Recently Adopted and Not Yet Adopted Accounting Pronouncements
Recently Adopted Accounting Pronouncements
In December 2019, the Financial Accounting Standards Board (“FASB”) issued ASU 2019-12, Income Taxes (Topic 740): Simplifying the Accounting for Income Taxes, which simplifies the accounting for income taxes, eliminates certain exceptions within ASC Topic 740, “Income Taxes,” and clarifies certain aspects of the current guidance to promote consistency among reporting entities. Most amendments within the standard are required to be applied on a prospective basis, while certain amendments must be applied on a retrospective or modified retrospective basis. This guidance will be effective for public entity fiscal years beginning after December 15, 2020. We adopted ASU 2019-12 for the period that includes the quarter-ended March 31, 2021. The most applicable provision is the requirement for entities to account for the income-based portion of a tax as an income tax for those taxes that are partially based on income. This provision and all other provisions do not have a material impact to the tax provision for the three months ended March 31, 2021. The Company will continue to monitor and assess the impact ASU 2019-12 has on its business and financial results.
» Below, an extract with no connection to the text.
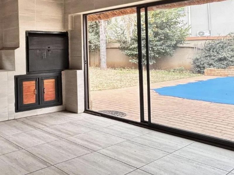 Effortless family entertaining on a generous leafy stand in a peaceful residential area, with covered patio and built-in braai overlooking pool and lush borehole-fed garden. Three bedrooms, two bathrooms.

Accounting Pronouncements Issued but Not Yet Adopted
In February 2016, the FASB issued ASU 2016-02, Leases (Topic 842) which requires lessees to recognize the following for all leases (with the exception of short-term leases) at the commencement date; (i) a lease liability, which is a lessee’s obligation to make lease payments arising from a lease, measured on a discounted basis; and (ii) a right-of-use asset, which is an asset that represents the lessee’s right to use, or control the use of, a specified asset for the lease term. Additional disclosures will be required to allow the user to assess the amount, timing and uncertainty of cash flows arising from leasing activities. A modified retrospective transition approach is required for leases existing at the time of adoption. On November 15, 2018, the FASB issued ASU 2019-10 which deferred the effective date of the standard to fiscal years beginning after December 15, 2020. In June 2020, the FASB issued ASU No. 2020-05, Revenue from Contracts with Customers (Topic 606) and Leases (Topic 842): Deferral of the Effective Date, which delays the effective date of ASU No. 2014-09, which requires nonpublic
companies to adopt the provisions of ASU 2016-02 for fiscal years beginning after December 15, 2021, and for interim periods within fiscal years beginning after December 15, 2022. We plan to adopt this standard as of the effective date for private companies using the modified retrospective approach for all leases entered into before the effective date. The impact of our adoption of Topic 842 to our financial statements will be to recognize the operating lease commitments as operating lease liabilities and right-of-use assets upon adoption, which will result in an increase in the assets and liabilities recorded on the balance sheet. We are continuing our assessment, which may identify additional impacts Topic 842 will have on our financial statements. In June 2016, the FASB issued ASU No. 2016-13, Financial Instruments—Credit Losses (Topic 326): Measurement of Credit Losses on Financial Instruments, which requires an entity to utilize a new impairment model known as the current expected credit loss (“CECL”) model to estimate its lifetime “expected credit loss” and record an allowance that, when deducted from the amortized cost basis of the financial asset, presents the net amount expected to be collected on the financial asset. The CECL model is expected to result in more timely recognition of credit losses. This guidance also requires new disclosures for financial assets measured at amortized cost, loans and available-for-sale debt securities. This guidance will be effective for us beginning January 1, 2023. We have not yet determined the impact the revised guidance will have on our financial statements.